1.  

Activity models play a critical role for activity recognition and assistance in ambient assisted living. Existing approaches to activity modeling suffer from a number of problems, e.g., model reusability, and incompleteness. In an effort to address these problems, we introduce an ontology-based hybrid approach to activity modeling that combines domain knowledge based model specification and data-driven model learning. Central to the approach is an iterative process that begins with “seed” activity models created by ontological engineering. The “seed” models are deployed, and subsequently evolved through incremental activity discovery and model update. While our previous work has detailed ontological activity modeling and activity recognition, this paper focuses on the systematic hybrid approach and associated methods and inference rules for learning new activities and user activity profiles. The approach has been implemented in a feature rich assistive living system. Analysis of the experiments conducted has been undertaken in an effort to test and evaluate the activity learning algorithms and associated mechanisms.

1. INTRODUCTION

Smart homes (SH) have been widely accepted as being a promising paradigm for technology-driven assistive living for the aging population. A SH can be described as a home environment augmented with a diversity of multimodal sensors, actuators, and devices along with information and communication technology based services and systems. By monitoring environmental changes and inhabitants’ activities, an assistive system within a SH can process sensor data, infer an inhabitant’s needs, and take appropriate actions to support activities of daily living (ADLs). As such, a SH can help older people prolong their independent living and enhance quality of life within their own homes.

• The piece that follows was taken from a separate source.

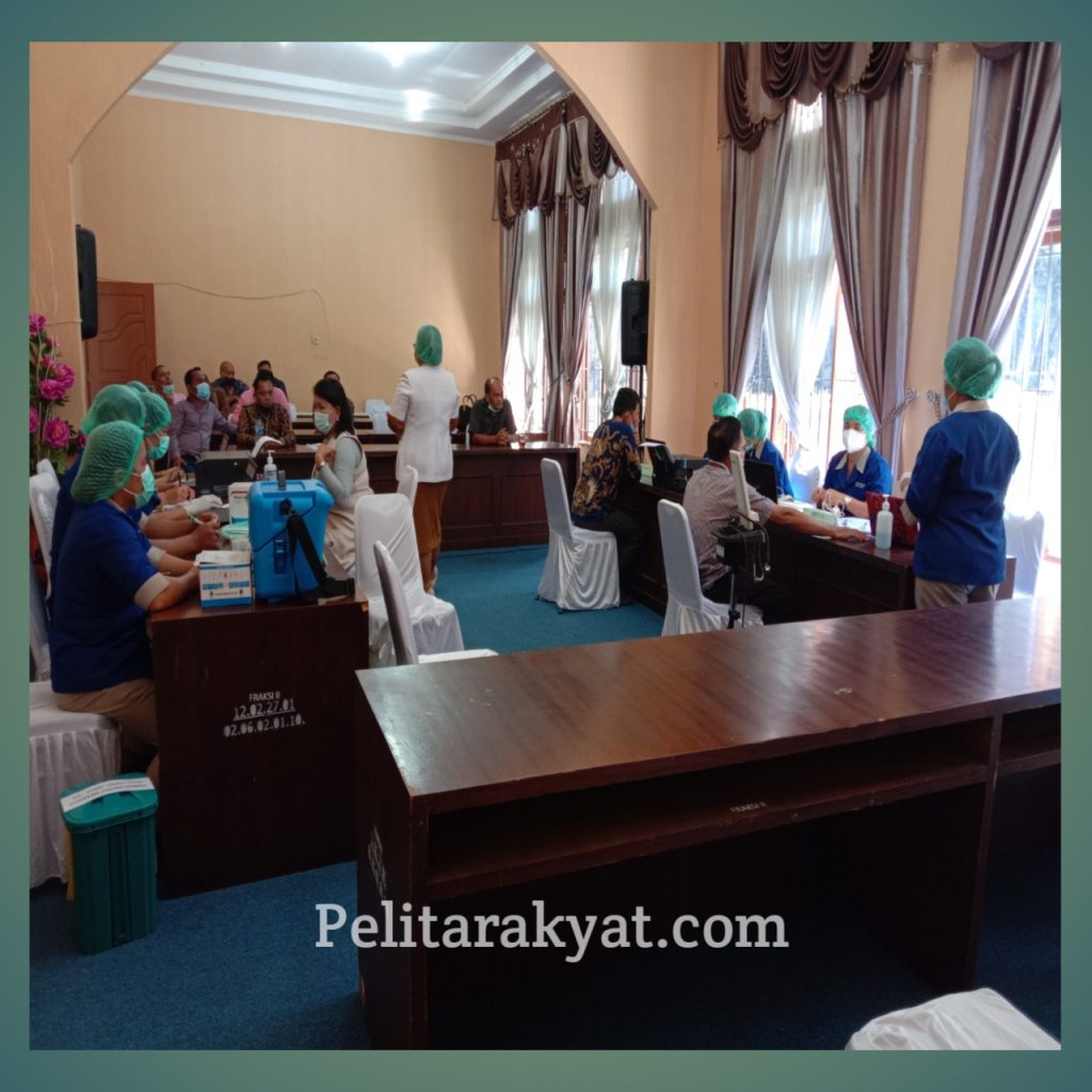 PAKPAK BHARAT, Pelitarakyat.com- Vaksinasi Corona atau COVID-19 bagi anggota DPRD Pakpak Bharat hingga tenaga pendukung DPRD Pakpak Bharat dilanjutkan hari ini. Para peserta vaksinasi terpantau Duduk menunggu giliran disuntik vaksin.

Activity models play a crucial role in the realization of the SH concept. They are required to support reasoning based upon realtime streaming sensor data in order to infer the current activity for application-level functions. This may include, for example, to predict the next action within a specific task or to detect anomalies within the ADLs currently being undertaken. The completeness and accuracy of ADL models is therefore critical for an assistive system to function correctly. If an activity is not modeled or the model is not accurate, the activity will not be recognized by an assistive system. The system will therefore not be able to provide assistance and/or prediction with regard to this activity.

Modeling ADLs is a challenging task due to their unique characteristics. For example, there are a large number of ADLs in a diversity of categories which can all be modeled at multiple levels of granularity. In addition, most ADLs involve performing a number of actions. The sequence of the actions to be performed is usually dependent on an individual’s own preferences. Furthermore, the manner in which an ADL is performed evolves dynamically, for example the change in duration or the order of objects being used within a task. This is particularly the case for older people and those suffering from decline of cognitive capabilities.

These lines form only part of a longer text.